** LISTED RECORDS **
──────────────────────────────

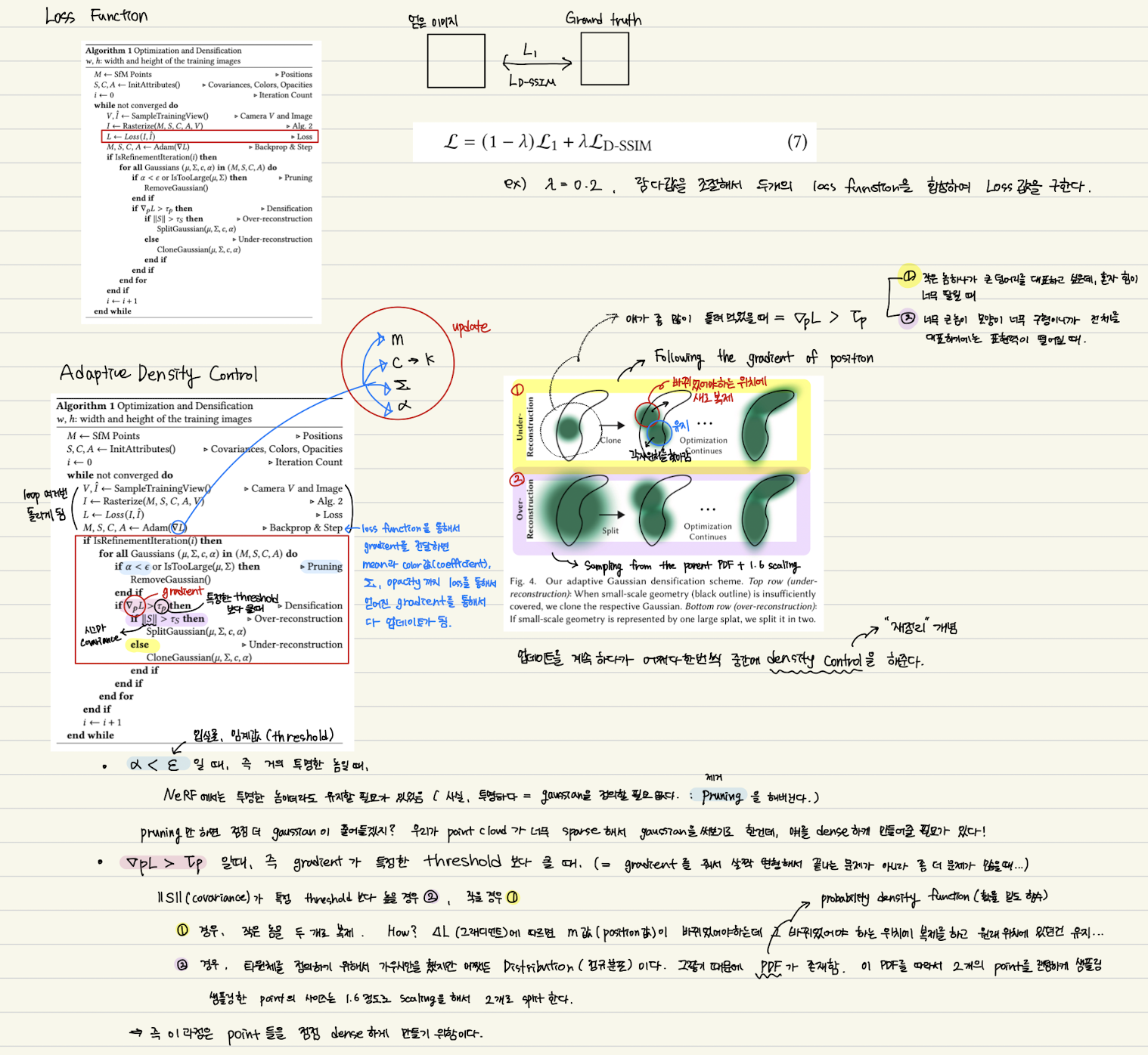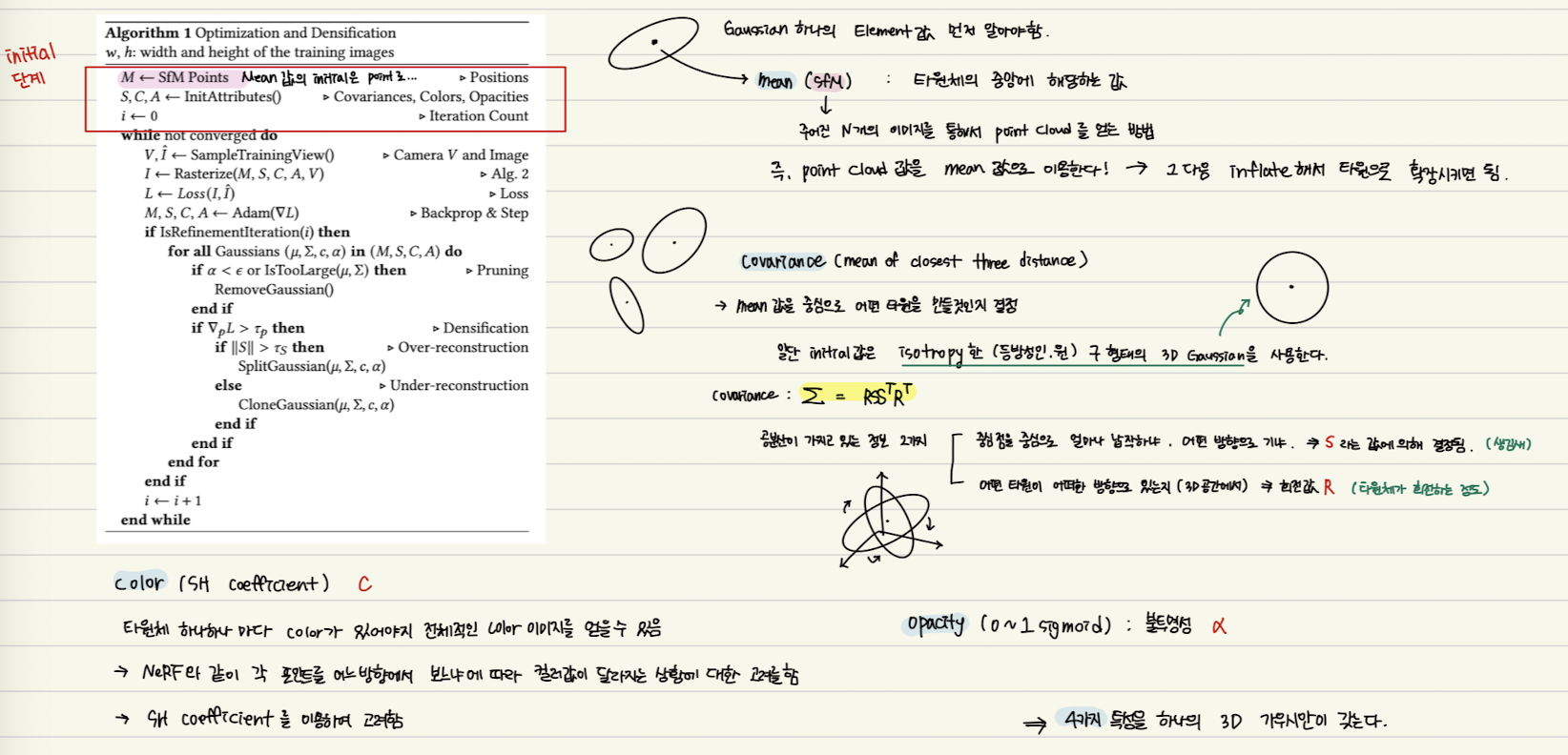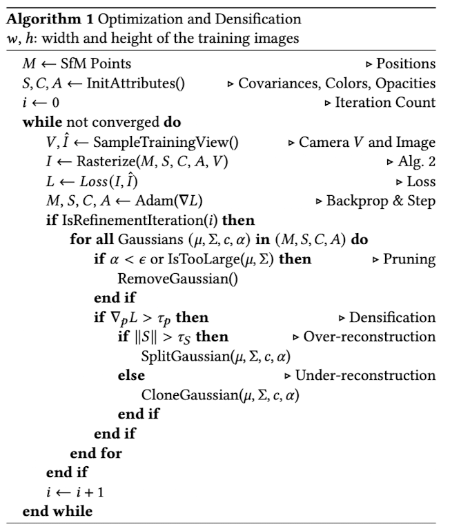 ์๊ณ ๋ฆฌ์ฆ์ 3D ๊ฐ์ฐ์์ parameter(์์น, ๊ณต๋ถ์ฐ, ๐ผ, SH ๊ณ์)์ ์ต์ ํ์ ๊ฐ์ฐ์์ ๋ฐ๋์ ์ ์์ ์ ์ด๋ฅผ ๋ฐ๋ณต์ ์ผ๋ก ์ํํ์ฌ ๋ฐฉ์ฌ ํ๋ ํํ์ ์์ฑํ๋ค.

──────────────────────────────

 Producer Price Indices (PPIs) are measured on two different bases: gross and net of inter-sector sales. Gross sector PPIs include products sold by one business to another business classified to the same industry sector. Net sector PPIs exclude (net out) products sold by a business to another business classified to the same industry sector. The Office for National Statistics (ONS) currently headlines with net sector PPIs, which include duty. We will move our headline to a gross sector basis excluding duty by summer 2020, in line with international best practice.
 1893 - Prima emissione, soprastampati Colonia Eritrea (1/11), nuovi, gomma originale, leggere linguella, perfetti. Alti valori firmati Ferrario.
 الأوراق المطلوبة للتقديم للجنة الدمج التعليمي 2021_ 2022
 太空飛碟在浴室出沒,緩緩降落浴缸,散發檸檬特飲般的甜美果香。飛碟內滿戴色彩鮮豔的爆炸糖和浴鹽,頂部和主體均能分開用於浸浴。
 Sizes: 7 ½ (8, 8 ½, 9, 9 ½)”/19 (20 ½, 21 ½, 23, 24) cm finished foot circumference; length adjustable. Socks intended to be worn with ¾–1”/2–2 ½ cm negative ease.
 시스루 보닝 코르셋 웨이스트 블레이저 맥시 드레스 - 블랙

──────────────────────────────

** WHAT YOU HAVE TO DO **
Extract from the records above the lines from the one containing "Sizes: 7 ½ (8, 8" to the one containing "시스루 보닝 코르셋 웨이스트 블레이저 맥시 드레스 - 블랙", both lines included, exactly as they appear and with nothing else.

** TASK RESULT **
 Sizes: 7 ½ (8, 8 ½, 9, 9 ½)”/19 (20 ½, 21 ½, 23, 24) cm finished foot circumference; length adjustable. Socks intended to be worn with ¾–1”/2–2 ½ cm negative ease.
 시스루 보닝 코르셋 웨이스트 블레이저 맥시 드레스 - 블랙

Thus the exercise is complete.